Tabu Butagira
14 October 2009
Kampala — National Social Security Fund contributors could pay an extra $35 million (Shs70b) for the construction of the multi-storey Pension Towers on Lumumba Avenue after the Fund's new board reportedly approved a revised construction cost from $75 million (Shs150b) to $110 million (Shs220b).
Daily Monitor has learnt that Mr Vincent Ssekkono, the board chairman, wrote to Finance Minister Syda Bbumba, on July 18, asking for a 'no objection' to implement the revised building plan that would spiral the bills upwardly.
Asked yesterday if she had endorsed the proposed changes, Ms Bbumba, who acknowledged receiving the July correspondence, said "Unless there is something wrong with the board's decision, I will uphold it."
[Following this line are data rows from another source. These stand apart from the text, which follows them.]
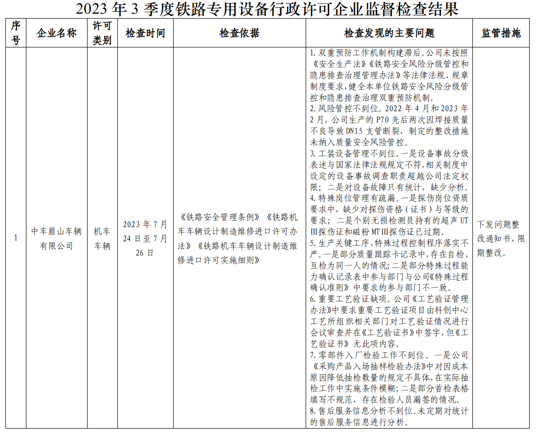 2023年3季度,成都鐵路監督管理局按照《行政許可法》《鐵路安全管理條例》《鐵路機車車輛設計制造維修進口許可辦法》《鐵路運輸基礎設備生產企業審批辦法》等法律法規、規章規范性文件有關規定,依據《國家鐵路局關于印發<2023年度鐵路專用設備行政許可企業監督檢查計劃>的通知》(國鐵設備監函〔2023〕1號),依法對中車眉山車輛有限公司開展監督檢查,發現問題8項,下發問題整改通知書1份, 要求受檢企業對監督檢查發現的問題進行整改,將整改措施和整改情況及時報送成都鐵路監督管理局。現將監督檢查結果通報如下: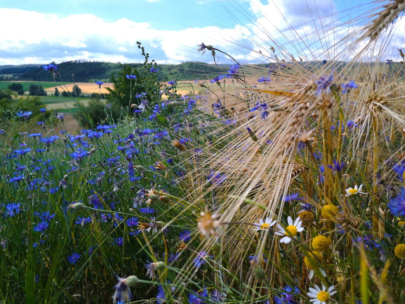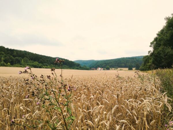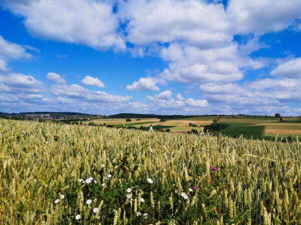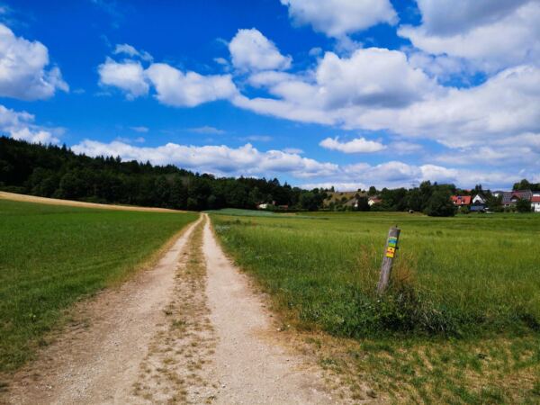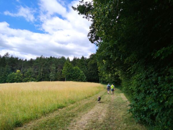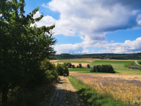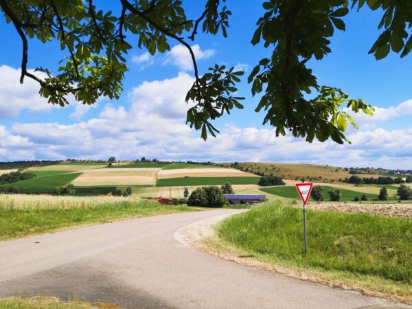 An der Kreuzung folgen wir dem Wirtschaftsweg nun geradeaus zur wenig befahrenen Autostraße. Wir überqueren die Straße und halten uns rechts. Nach wenigen Metern zweigt links ein Wanderweg ab, der uns bergauf durch Wald und freies Gelände auf einen Höhenrücken führt. Hier halten wir uns links und laufen mit weitem Blick auf Ederheim und die Albuch-Höhe am Waldrand entlang. Kurz geht es durch den Wald, dann entlang von Feldern hinunter nach Ederbach.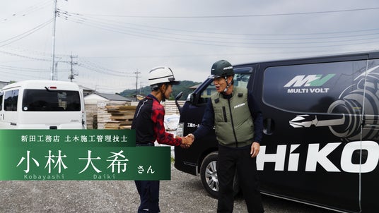 第一回「HiKOKI BUILDERS SPIRIT AWARD」で総合グランプリを受賞された小林大希さんが現在携わる土木建設の作業現場を訪問し、授賞式以来の再会を果たします。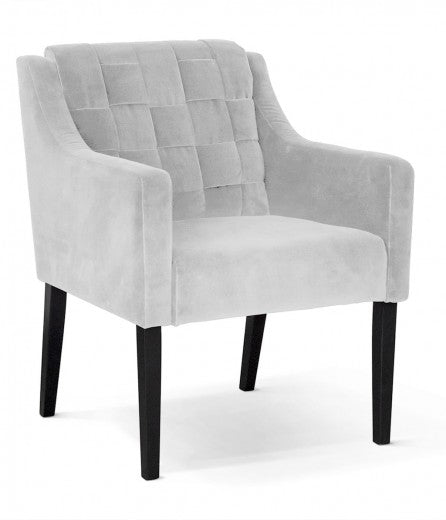 Fauteuil fixe tapissé de tissu, avec pieds en bois Zara Argent / Blanc, l60xA66xH85 cm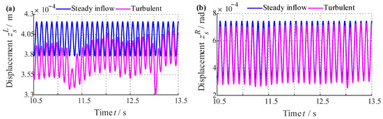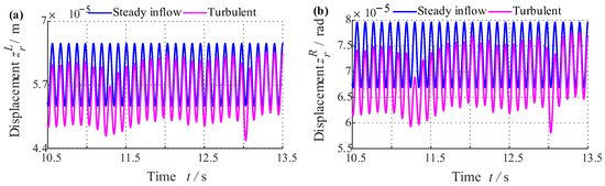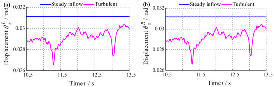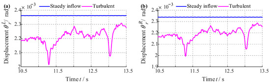 As can be seen in Figure 20 and Figure 21, the torsional displacements of the ring gear are more obviously influenced by the turbulent wind condition than the axial displacements. This is because the axial excitation is ignored after considering the herringbone gear special structure and the bearing support design of this wind turbine. Therefore, the fluctuations in the axial displacements are generated by the axial–torsion coupling term in the motion equations. This greatly weakens the influence of the turbulent wind condition on the axial vibration in the transmission system. Meanwhile, this means that the axial displacements of the ring gear are slightly affected by the torsional excitation under turbulent wind conditions. In the design of the ring gear, the fluctuation in the torsional excitation can be ignored.

This latest development could be disturbing to the more than 400, 000 Fund members anxious that the present $75 million construction cost of the Pension building, conceived in 2001, was already triple its initial cost of $25.79 million.
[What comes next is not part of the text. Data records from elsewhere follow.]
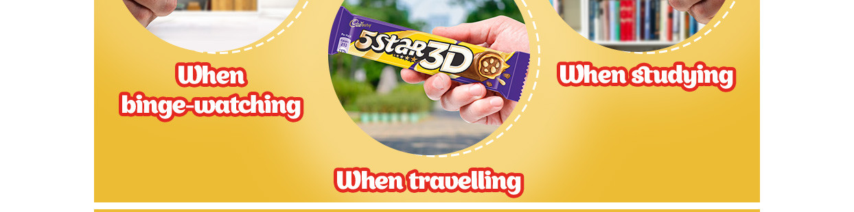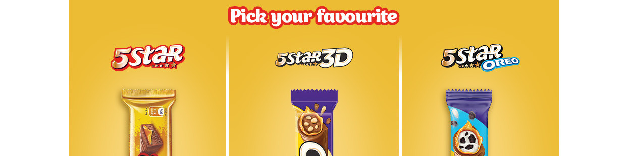 Cadbury 5 Star 3D do nothing but munch on this delicious chocolate bar. Indulge in Five Star 3D chocolate, smooth textured chocolate with crunchy wheat crispies surrounded in flowing caramel. Get lost in the chocolate cream centre and enjoy the moment. Gift yourself a 5 Star 3D chocolate pack and try 5 Star Oreo & 5 Star caramel chocolate which is also available in a share-pack home treat bag. Just like every bar of Cadbury Dairy Milk, this chocolate packet is made from 100% sustainably sourced cocoa and is suitable for vegetarians. Don't forget to leave a 5-star review.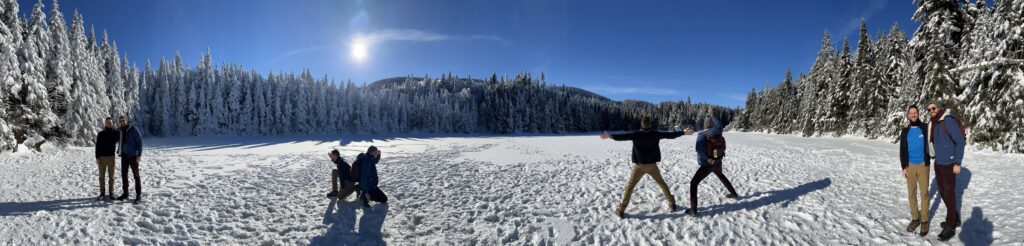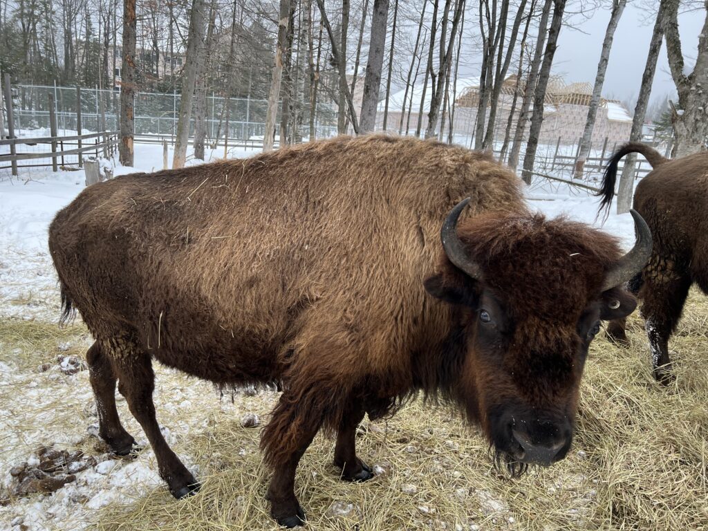 On a bien rigolé au chalet. Bruno a essayé de faire un feu. Il est meilleur à faire des câlins qu’à chauffer une maison, mais on l’aime bien quand même. Maud m’a appris à faire la cuisine, enfin, à me laisser manger ce qui traîne. Juste avant de rentrer sur Montréal, nous nous sommes quand même arrêtés pour aller chasser le bison.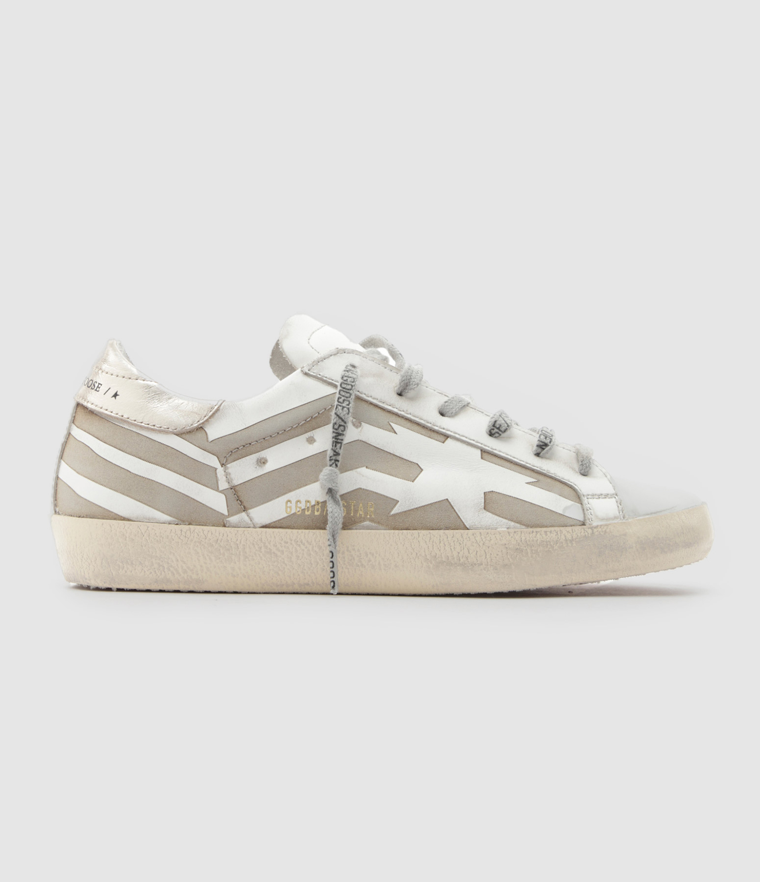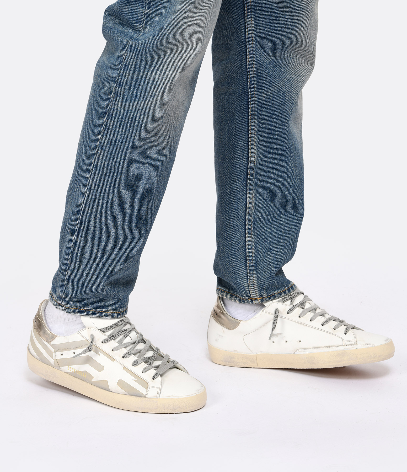 GOLDEN GOOSEBaskets Homme Superstar Drapeau Cuir Blanc Platinum

Building of the structure, planned to accommodate NSSF headquarters; Kampala and Mpigi offices and provide commercial space for rent commenced in April last year, but stalled after scores of construction workers died at the site when a section of the retaining wall collapsed on them on October 14, exactly one year today.
Since then, nothing has been done to raise the building which should have been built midway through, after professional bodies de-registered or suspended nearly a dozen engineers and architects on the project, indicted in a government investigation report.
Altered designs
The Prof. Jackson Mwakali-led Construction Technical Investigation Team (CTIT), discovered the contractors - Roko Construction Company - had, by the commencement of that actual construction, worked on designs altered three times, the last of which KCC as the local planning authority never approved.
It is understood that the final blueprint, which City Hall has reportedly now cleared and the new NSSF board wants the minister to give a nod to, comprises four levels of basement parking, two floors in the podium, a middle tower of 24 floors and two additional towers of seven floors each.
NSSF officials said last evening that they would only offer an update on the Tower development, whose paralysis over the last 12 months has raised concerns that the already-behind-the-schedule investment would hold up projected returns yet the bill of its construction could continue bulging due to increasing market prices of building materials.
It is also unclear how the work suspension would affect pay to the contractors and there is public disquiet that abandoning the scheme all together could bring more losses to workers than gains.
Reviewing investments
Separately, Mr Victor Karamagi, the NSSF public relations manager, said in a statement to our queries that: "The new Fund board is considering and reviewing all investment projects which are in the pipeline and those that are being reviewed include the Nsimbe and Temangalo housing projects."
He added: "Once the board has made a decision, it will be announced to the public. However, the board's priority is that all projects take off, are completed and become profitable."